Many anomalous or contradictory sentences that could not be interpreted by truth-value semanticists, may be
perfectly well-formed literary creations. A variety of phenomena that are troublesome from the viewpoint of
formal semantics, such as the assertion of tautologies and contradictions, indirect speech acts, metaphorical
interpretation and many other figures of speech, has found their explanatory potential in Grice’s theory on
conversational implicatures. As the broad sense of meaning should include the ironic, metaphoric and implicit
communicative content of an utterance, it cannot be restricted to the conventional content of what is said. Grice’s
work enables us to calculate, or compute the intended meaning of the utterance as a function of its literal meaning
and of the context in which it is uttered. “The context-dependent calculability (or computability) of conversational
implicatures—their calculability being probabilistic, or heuristic, rather than algorithmic, or deterministic—is
generally taken to be one of their defining properties” (Lyons, 1995).

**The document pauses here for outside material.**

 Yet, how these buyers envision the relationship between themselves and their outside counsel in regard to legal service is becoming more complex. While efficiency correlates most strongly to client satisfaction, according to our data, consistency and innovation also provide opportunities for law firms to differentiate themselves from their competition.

It should also be mentioned that though Grice provides us with principles to recognize the implicated and
intended meaning, they are far from guiding addressees in their search for one inference rather than another.

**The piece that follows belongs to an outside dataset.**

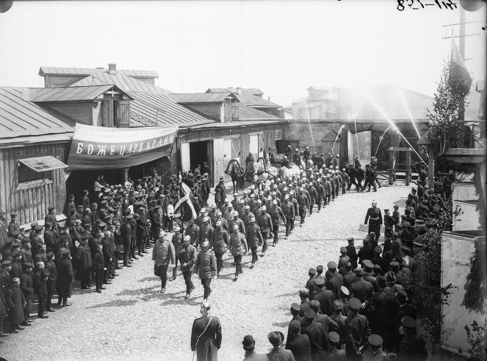 Сормовская вольно-пожарная дружина. Прохождение дружины со знаменем перед гостями. Автор: М.П. Дмитриев Место события: г. Н.Новгород Дата: 1910 г.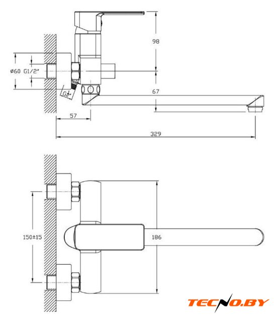 однорычажный смеситель для ванны и душа, монтаж на стену

Especially the account of metaphor must rely on features of our general ability to reason analogically with the
help of psychological interpretation. Nevertheless, at least, Grice’s maxims succeed in the first step—recognition
and calculation.

References:
Levinson, S. C. 2003. Pragmatics. Beijing: Foreign Language Teaching and Research Press & Cambridge University Press.
Lyons, J. 2000. Linguistic semantics: An introduction. Beijing: Foreign Language Teaching and Research Press & Cambridge
University Press.
Saeed, J. I. 2000. Semantics. Beijing: Foreign Language Teaching and Research Press & Blackwell Publishers Ltd.
SHAO Jin-di & BAI Jin-peng. 2002. Introduction to literature. Shanghai: Shanghai Foreign Language Education Press.